Hertz does seem to be on an attractive growth path as one of the first big movers in the EV rental space. Of course, it is not the first company to offer EV rentals, but it is the first household name that has a desk at nearly every airport in the country to do so on such a grand scale.


Hertz’s existing scale in renting gas-powered cars combined with its need to present a new growth story while emerging from bankruptcy has created a development that might have been much slower to come if the company had managed to survive Covid without going bankrupt.

In terms of valuation, Hertz trades at a price-earnings ratio of 9.91, which looks low when taken out of context but is higher than Avis’ price-earnings ratio of just 3.59. Thanks to keeping a stronger balance sheet, not only did Avis manage to survive the pandemic, it even achieved an incredible three-year earnings per share growth rate of 111%, while Hertz is just recovering to pre-pandemic levels.

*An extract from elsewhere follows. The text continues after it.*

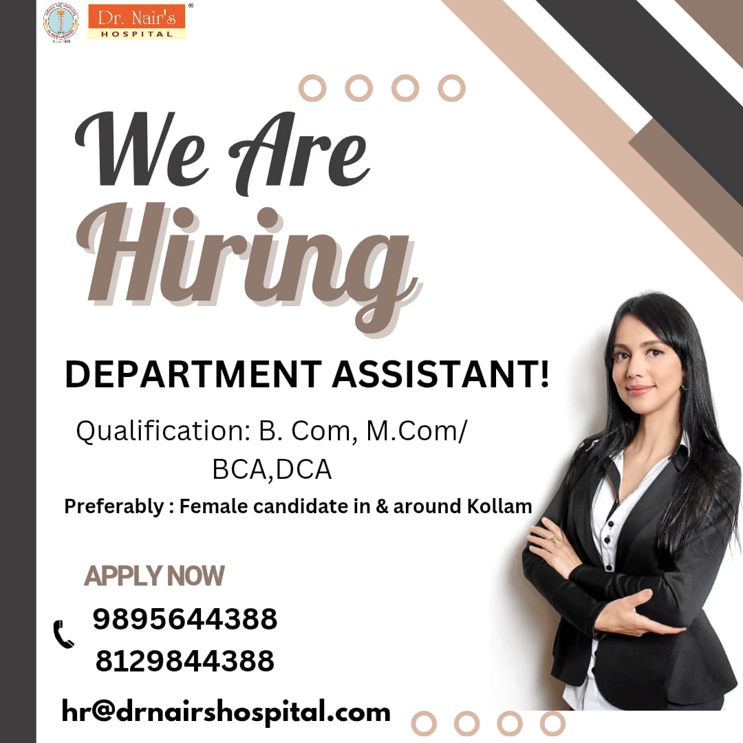 WE ARE HIRING!! DEPARTMENT ASSISTANT CONTACT: 9895644388

While Avis is also in the process of adding more EVs to its fleet, it has been much slower in doing so when compared to Hertz, taking a “wait and see” approach. In fact, it was Hertz’s 100,000 Tesla purchase that spurred Avis to action on the EV front. CEO Joe Ferraro commented in the company’s third-quarter 2021 earnings call, “You’ll see us going forward be much more active in the electric scenarios as the situation develops over time.”

In the long run, I think whether Hertz or Avis is the better value will depend on how rapidly the automobile market transitions to EVs.


Hertz has done a stellar job of turning itself around following its bankruptcy. After getting a surprise boost from the stronger used car market, it managed to kick off its return to the public market with a bang by making huge investments in EVs and artificial intelligence, which promise to improve efficiency and position it for long-term growth.


As of 2022, only about 4% of North American car production is electric, which may make it seem like Avis’ slower EV adoption is the more efficient route. However, Hertz is not just aiming to mimic the overall market; it is aiming to capture the demand for experiencing an EV without buying one and partner with cities to help them build out charging infrastructure to improve drivability (and thus create demand).

As the EV transition accelerates and some states and companies make deadlines to go all-electric, Hertz looks poised to play a key role. Investors should keep a careful eye on its balance sheet, though, as balance sheet mismanagement could still become a major risk again.


I/we have no positions in any stocks mentioned, and have no plans to buy any new positions in the stocks mentioned within the next 72 hours.